The proposed regulations provide a three-year grace period after death before the present-value concepts are applicable. At an American Law Institute (ALI) webinar on October 11, several prominent estate planning attorneys commented on the status of the regulations and the prospects for change before they are finalized. Lawrence Katzenstein, partner in the St. Louis law firm of Thompson Coburn noted, "I think it will be a while before these become effective." He believes there will be significant changes in the final regulations.
Kathleen Sherby, senior counsel at Bryan Cave Leighton Paisner LLP, indicated that three years is often not sufficient time to close large estates. In addition, litigation involving an estate could increase that time dramatically.

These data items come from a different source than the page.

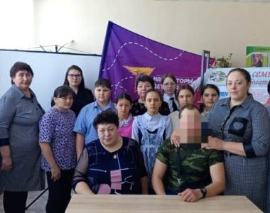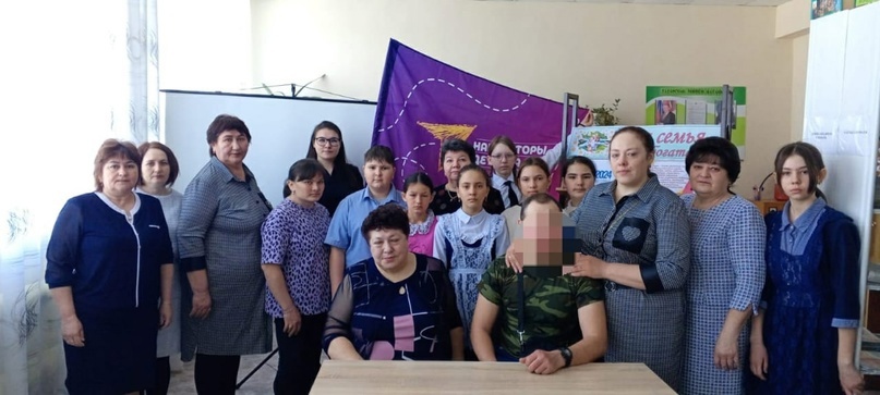 Глава семьи Зайтун Шарафутдинов, приехал в краткосрочный отпуск из зоны боевых действии. И всё же их семья нашла время, чтобы встретиться с учащимися школы.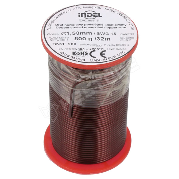 Tekercselő huzal, duplán zománcozott, -65...200°C, Ø1.5mm, 0.5kg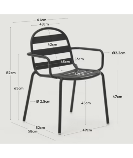 Favolosa sedia con braccioli in alluminio grigio, un materiale leggero, resistente alla corrosione, ai raggi UV, alle intemperie e alla ruggine, ideale per esterno, per abbellire il vostro giardino o terrazzo. Una sedia solida e robusta, comoda e resistente. Un affascinante stile moderno, che la rende adatta per casa, soggiorno o cucina, giardino o terrazzo e adatta anche per bistrot, bar, gelaterie, ristoranti, hotel e agriturismi. Impilabile. Vedi sotto gli altri complementi da abbinare alla stessa linea.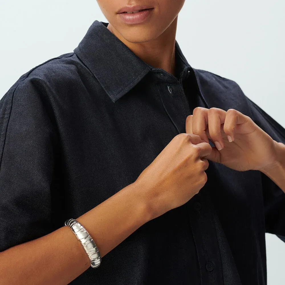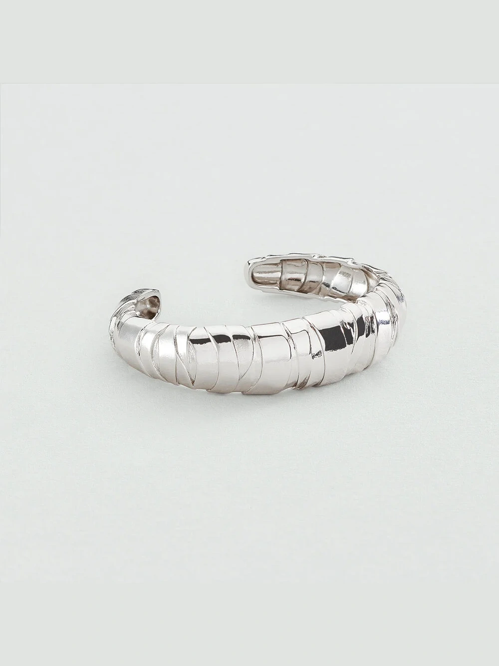 Brazalete abierto en acabado plateado con textura característica de la colección BE by María Pombo para Agatha Paris. Pieza de tendencia absoluta que te salvará en cualquier situación. Su diseño chunky definitivo aporta sofisticación y estilo a tus outfits. Joya versátil ideal como fondo de armario, perfecta para tu día a día, la oficina, momentos especiales o planes con amigas. Diseño francés que fusiona elegancia con modernidad contemporánea.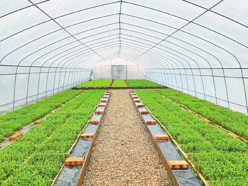 自贡市富顺县代寺镇李子村的漂浮育苗大棚中,高粱苗蓬勃生长。 自贡市扶贫“两会”供图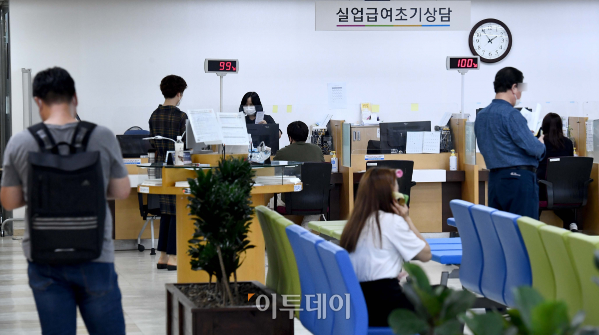 지난달 실업급여 지급액이 작년 같은 달 대비 4296억원(56.6%) 급증하며 역대 최대 기록을 경신했다. 고용노동부가 10일 발표한 ‘7월 노동시장 동향’에 따르면 지난달 구직급여 지급액은 1조 1885억원을 기록했다. 이는 지난 6월 기록한 역대 최대치(1조 1103억원)를 한 달 만에 넘어선 것으로, 구직급여 지급액은 신종 코로나바이러스 감염증(코로나19) 확산이 본격화한 올해 2월부터 6개월 연속으로 역대 최대 기록을 갈아치우고 있다. 이날 서울 중구 서울고용복지플러스센터에서 구직자들이 실업급여 상담을 받고 있다.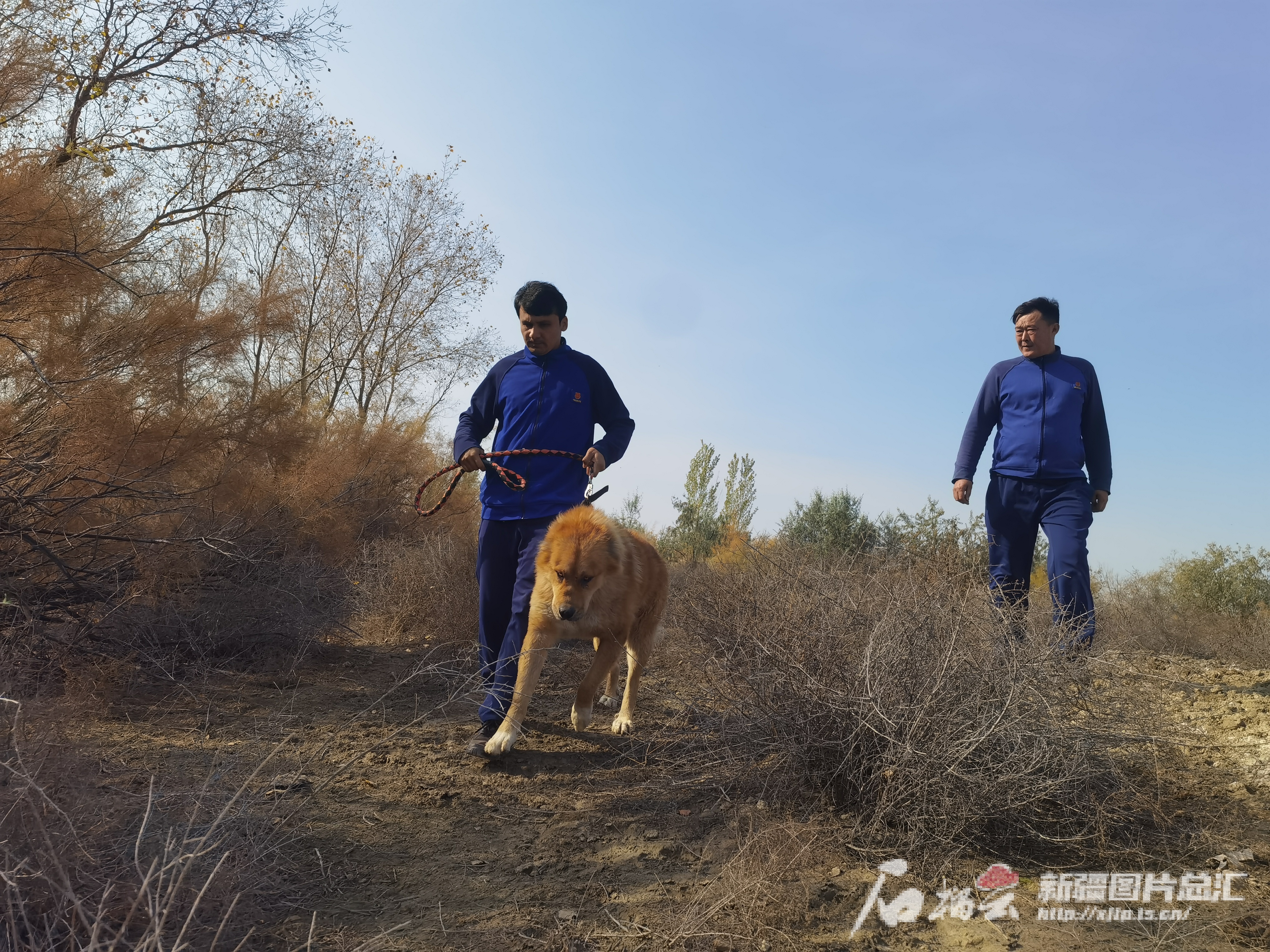 10月24日下午,生态护林员宪木希·赛不勒(左)和吉恩斯·托乎塔巴依(右)牵着牧羊犬从树林中穿过,发现了野猪脚印较多,赶紧加快了步伐。天山网-新疆日报记者 白素君摄

Both the American Institute of CPAs and the Texas State Bar Association Tax Section have asked the IRS for a longer period of time before the present value rules are effective.
Another area of controversy that was discussed in the webinar was the question of necessity for interest expense. Katzenstein stated, "There is very little that is absolutely essential in an estate, but there are many times when it is extremely helpful."
Katzenstein and other estate planners noted that it is extremely difficult to specify when a loan is "essential" and when it is merely convenient.
The proposed regulations attempt to address the issue by stating that loans that are "contrived" will be deemed nondeductible. Sherby noted this "contrived" standard will be difficult to determine. She pondered what factors would be used to determine if an estate is substantially diminished, including if intent will be imputed to the decedent or if gifts to family will be scrutinized.
The regulations appear to be focused on cases in which families with large estates have made significant changes to their plans within days or a few weeks of death. These are viewed by the IRS as creating an intentional liquidity problem. While the regulations seem to be focused on attacking these cases, the estate planning attorneys at the ALI webinar were concerned that the regulations might overreach and impact normal estate planning.
Applicable Federal Rate of 4.0% for October -- Rev. Rul. 2022-18; 2022-40 IRB 1 (16 September 2022)
The IRS has announced the Applicable Federal Rate (AFR) for October of 2022. The AFR under Section 7520 for the month of October is 4.0%. The rates for September of 3.6% or August of 3.8% also may be used. The highest AFR is beneficial for charitable deductions of remainder interests. The lowest AFR is best for lead trusts and life estate reserved agreements. With a gift annuity, if the annuitant desires greater tax-free payments the lowest AFR is preferable. During 2022, pooled income funds in existence less than three tax years must use a 1.6% deemed rate of return.